The last experimental group has been formed to examine the effects of coagulation on the optical parameters of chicken liver tissue. For this purpose, fresh tissue samples have been kept in a water bath set at 95°C. It has been observed that the appearances and structures of the tissue samples changed with the effect of the high temperature. It is known that the alterations in the structure and the appearance of tissues because of the photo-thermal processes result in the changes in the optical properties^[28]. The absorption and reduced scattering coefficients of the coagulated tissue samples for 635 nm have been found to be $0.25\pm 0.06{\mathrm{mm}}^{-1}$ and $9.28\pm 0.92{\mathrm{mm}}^{-1}$, respectively. The liver tissue consists of scattering particles such as organelles, capillaries, cell nuclei, and cells that cause light scattering in tissues. Thermal coagulation brings about the changes in size, refractive index, and distribution of these particles. Consequently, increased incompatibility in the refractive indices results in an increase in the reduced scattering coefficient. It was previously reported that the increase in the absorption coefficient after thermal coagulation is due to the denser packing of cells owing to the shrinking of liver samples, with no change in the number of chromophores^[29].
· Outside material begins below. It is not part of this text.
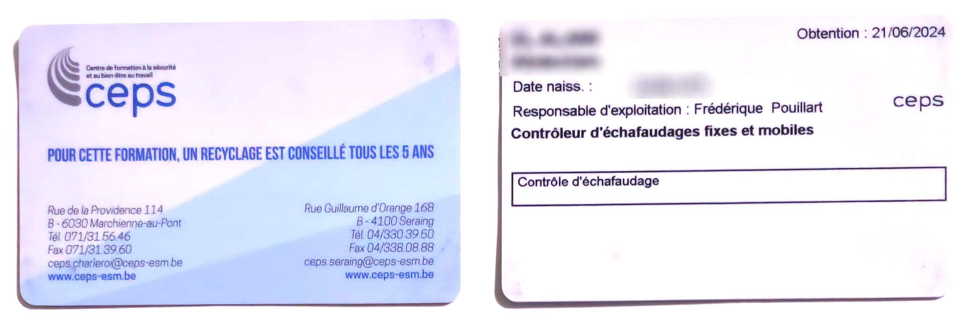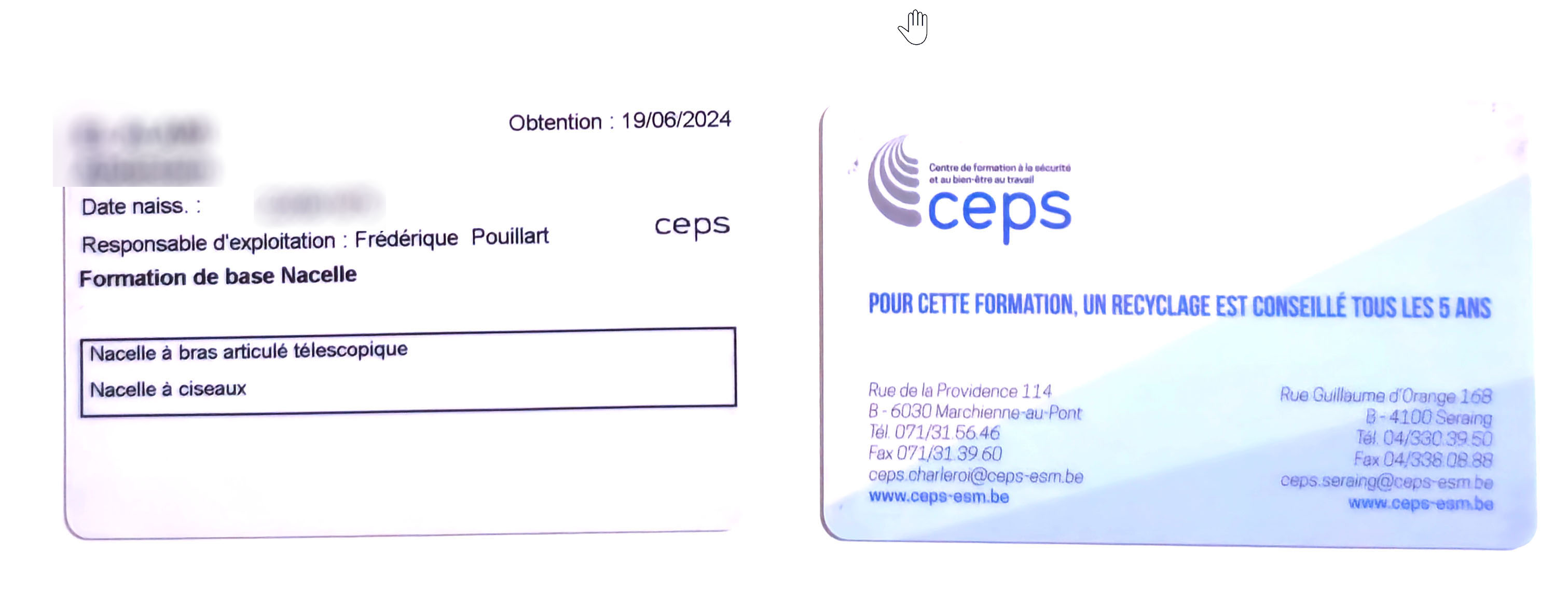 Agent certifié : VCA, Nacelles (ciseaux & télescopique), Contrôleur échafaudage, drone <250 g.

In addition to the experimental part, fluence rate distributions inside the fresh, blood purified, dehydrated, and coagulated tissue models have been investigated by using the MCML simulation code. MCML is one of the commonly used softwares for modeling light transport in heterogeneous and multilayer structures such as biological tissues^[30]. The fluence rate distributions are given in Fig. 6 as a function of depth inside the tissue models. As can be expected, fluence rate distributions inside the fresh and purified tissue models have been obtained to be quite similar. Because of the relatively greater absorption or scattering coefficients, the distributions inside the dehydrated and coagulated tissue models have been found to be steeper. The increased absorption coefficient of dehydrated tissue causes a decrease in the number of photons at a certain depth. In addition, the reduced scattering coefficient of coagulated tissue indicates that multiple scattering occurs within the tissue. Therefore, the coagulation process causes a reduction in the optical penetration depth inside the biological tissues. Moreover, by looking at the distributions given in the figure, one can also conclude that optical penetration depth has the smallest value for the coagulated tissue model. The results of this study are in good agreement with similar studies performed by using different wavelengths of light and various types of tissue^[21,27–33].
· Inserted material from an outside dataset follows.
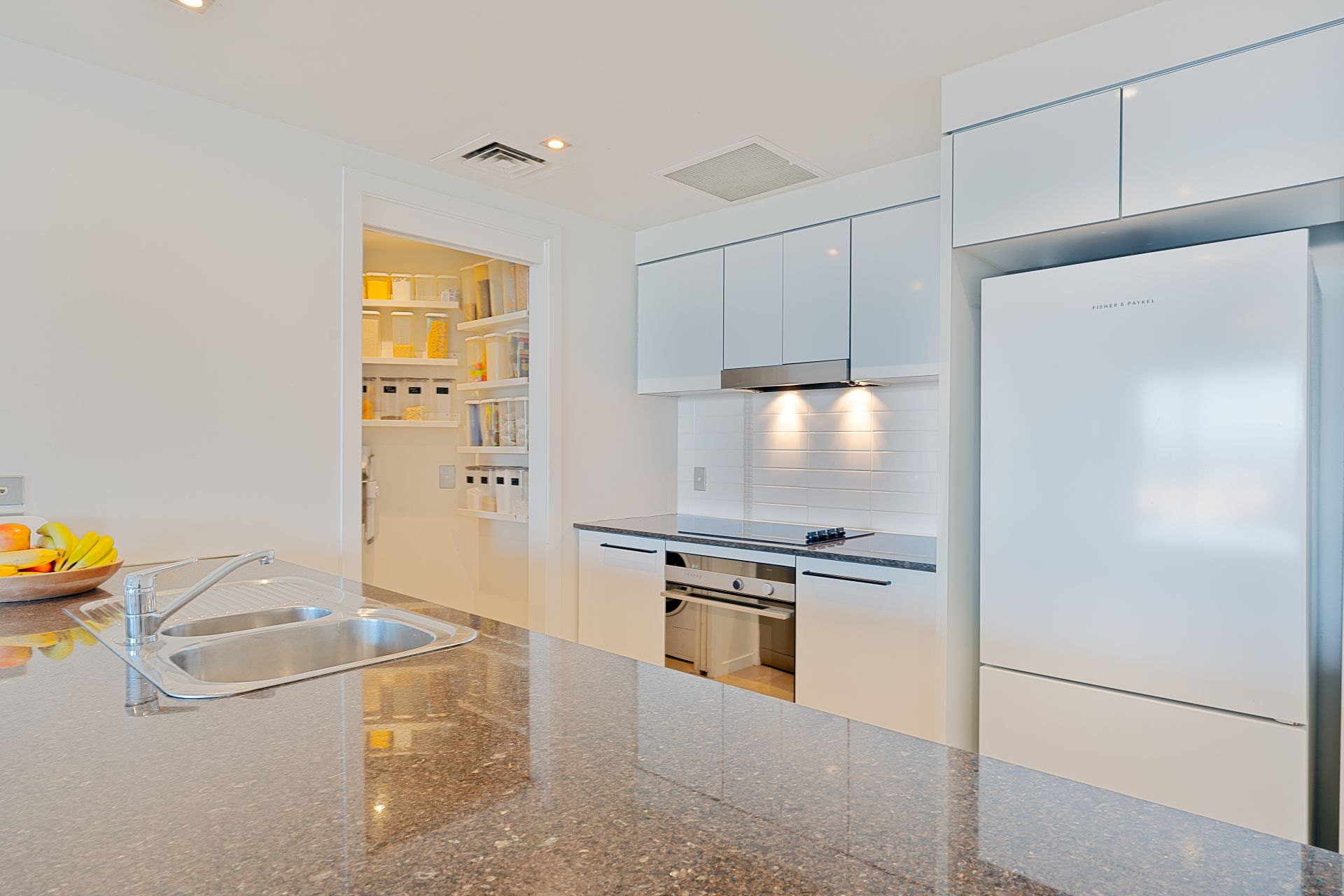 The kitchen is both practical and stylish, featuring ample bench space, a microwave nook, and electrical appliances, including dishwasher, oven, 4-burner cooktop, and range hood. Adjacent to the kitchen is a convenient laundry room with added shelving, ensuring seamless practicality.

The processes, like purification, dehydration, and coagulation, could affect the blood, cell density, and water content inside the biological tissues. Because of this fact, the optical parameters and, accordingly, the fluence rate distributions inside the tissues are expected to be changed after such operations. In this study, the effects of purification, dehydration, and coagulation processes on the optical parameters of biological tissues have been investigated. For this purpose, absorption and reduced scattering coefficients of fresh, purified, dehydrated, and coagulated chicken liver tissue samples have been determined by using a single integrating sphere system.

It has been concluded that the purification process performed on the tissue samples to remove blood residues causes a very small decrease (increase) in the absorption (scattering) coefficient. In other words, short-term storage of tissue samples in saline solution causes a slight change in the optical parameters. In addition, the absorption coefficient of the samples increases after the dehydration process because of the water loss in the tissue. However, no direct relationship has been observed between the reduced scattering coefficient and the dehydration level. Moreover, the coagulation process causes an increase in not only the absorption coefficient but also the reduced scattering coefficient. Due to the increased incompatibility in refractive indices of scattering particles inside the tissue, an increase in the reduced scattering coefficient has been found to be relatively more pronounced.